* **Work instructions**
Although the data below holds other lines too, output only those from the line with "Bougainvillea Lilac and" up to and including the line with "LOT 88: Three-Piece", exactly as they appear.

* **Exercise data**
[Start of Attachment]
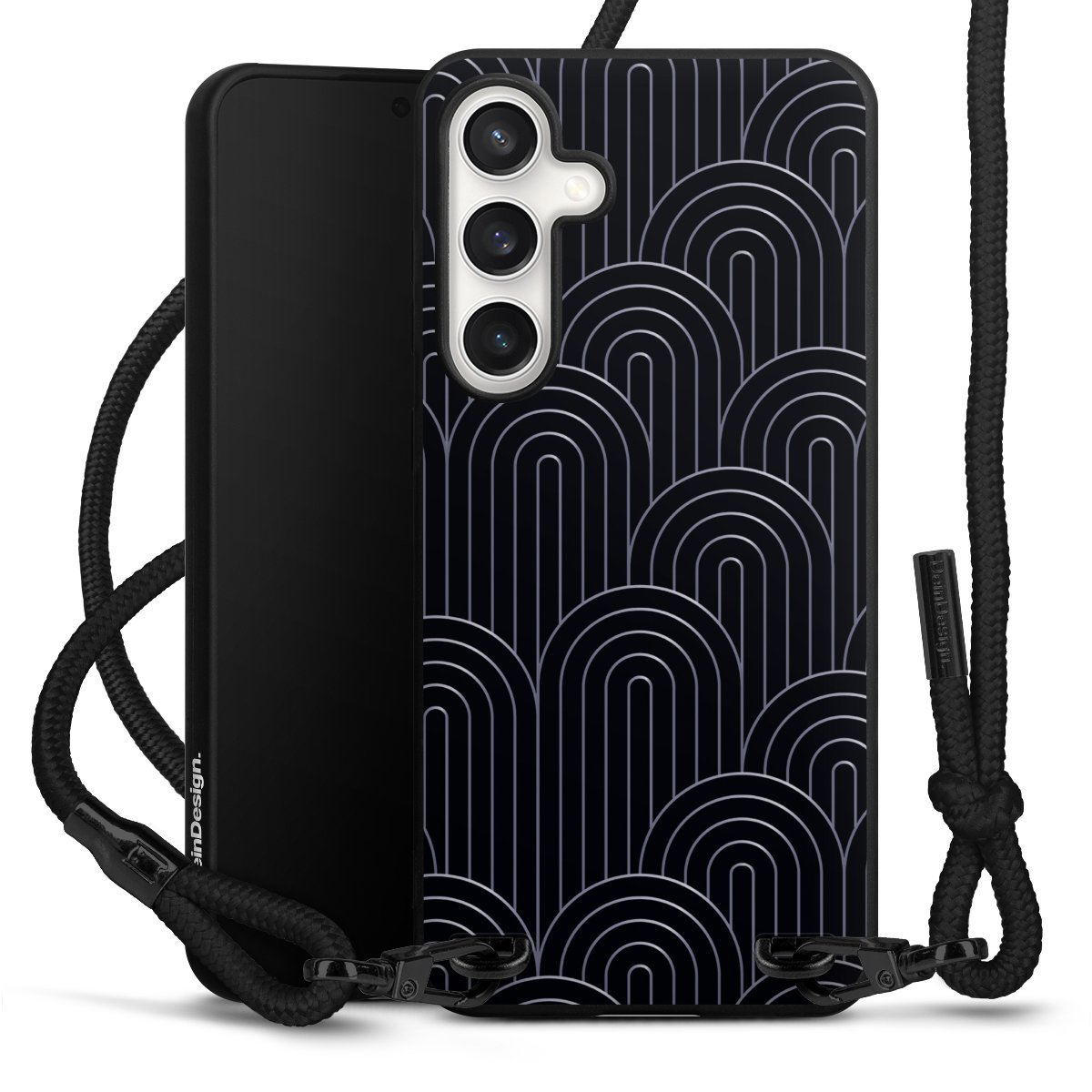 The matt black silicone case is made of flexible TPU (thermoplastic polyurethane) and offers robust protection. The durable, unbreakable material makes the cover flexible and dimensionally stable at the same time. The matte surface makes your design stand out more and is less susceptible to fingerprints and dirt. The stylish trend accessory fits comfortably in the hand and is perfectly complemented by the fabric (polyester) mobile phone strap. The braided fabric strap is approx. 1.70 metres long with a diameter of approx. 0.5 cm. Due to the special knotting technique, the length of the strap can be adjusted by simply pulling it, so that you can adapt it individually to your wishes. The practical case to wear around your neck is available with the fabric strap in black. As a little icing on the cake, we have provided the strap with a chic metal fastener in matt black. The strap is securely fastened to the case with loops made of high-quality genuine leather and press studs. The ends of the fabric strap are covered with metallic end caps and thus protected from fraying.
[End of Attachment]
[Start of Attachment]
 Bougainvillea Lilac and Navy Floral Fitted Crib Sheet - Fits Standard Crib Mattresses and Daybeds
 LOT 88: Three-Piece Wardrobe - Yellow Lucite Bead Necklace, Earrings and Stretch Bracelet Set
[End of Attachment]
* **Expected output**
 Bougainvillea Lilac and Navy Floral Fitted Crib Sheet - Fits Standard Crib Mattresses and Daybeds
 LOT 88: Three-Piece Wardrobe - Yellow Lucite Bead Necklace, Earrings and Stretch Bracelet Set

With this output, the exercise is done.